AWS made its DevOps Agent generally available on March 31, 2026. It investigates incidents, executes SRE tasks, and operates across multicloud and on-prem environments autonomously. Enterprises that haven't shipped their own agents yet are about to have one handed to them.
The question nobody is asking loudly enough: how do you operate it once it's running?
MLOps gave teams a discipline for managing models — training pipelines, versioning, drift detection, retraining schedules. It was the right answer to the right problem. But the problem has changed. An agent isn't a model. It's a system that uses models to take actions in the world: querying databases, calling APIs, spawning sub-agents, writing files, triggering workflows. The failure mode isn't a bad prediction. It's a bad action. And there's no MLOps playbook for that.
AgentOps is the emerging discipline that fills this gap. Not a rebrand of MLOps with "agent" swapped in, but a different set of operational concerns, practices, and controls — built for systems that act rather than just infer.
AgentOps is the set of operational practices, tooling, and governance controls required to deploy, monitor, and manage autonomous AI agents in production.
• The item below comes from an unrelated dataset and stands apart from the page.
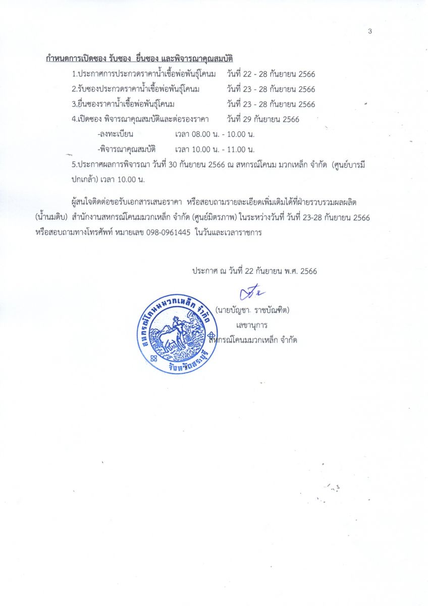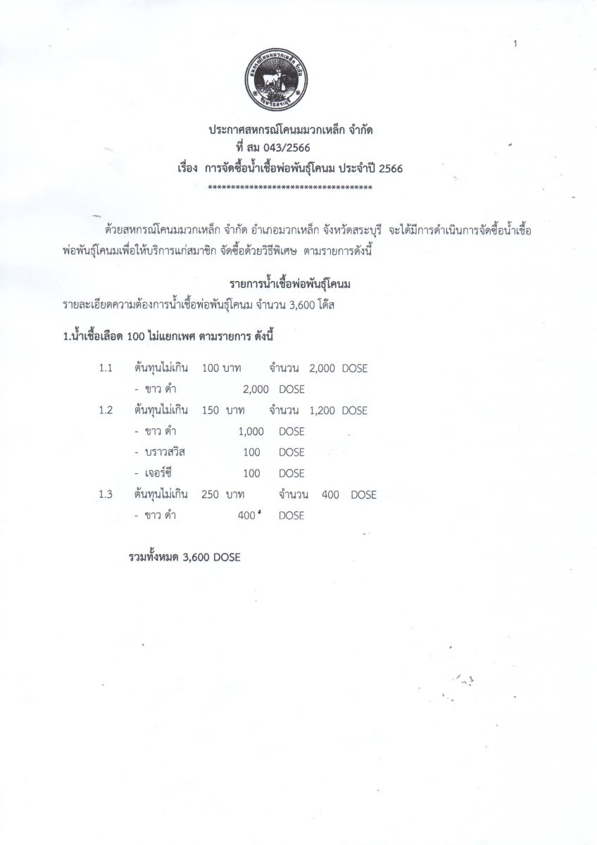 ประกาศ การจัดซื้อน้ำเชื้อพ่อพันธุ์โคนม ประจำปี 2566

Where MLOps stops at the model boundary — concerned with training, versioning, and prediction quality — AgentOps extends to the full execution surface: how agents reason, which tools they invoke, what they spend, how they behave across sessions, and what constraints they operate within. AgentOps is not MLOps for agents. It's a new discipline for a new class of system.
Why MLOps doesn't cover what agents actually do
MLOps was designed for a well-defined production unit: the model. A model has inputs, produces outputs, and can be versioned, evaluated, and retrained. Drift detection tells you when the relationship between inputs and outputs has changed. A/B testing tells you which version performs better. Rollback is clean — you swap in the previous model checkpoint.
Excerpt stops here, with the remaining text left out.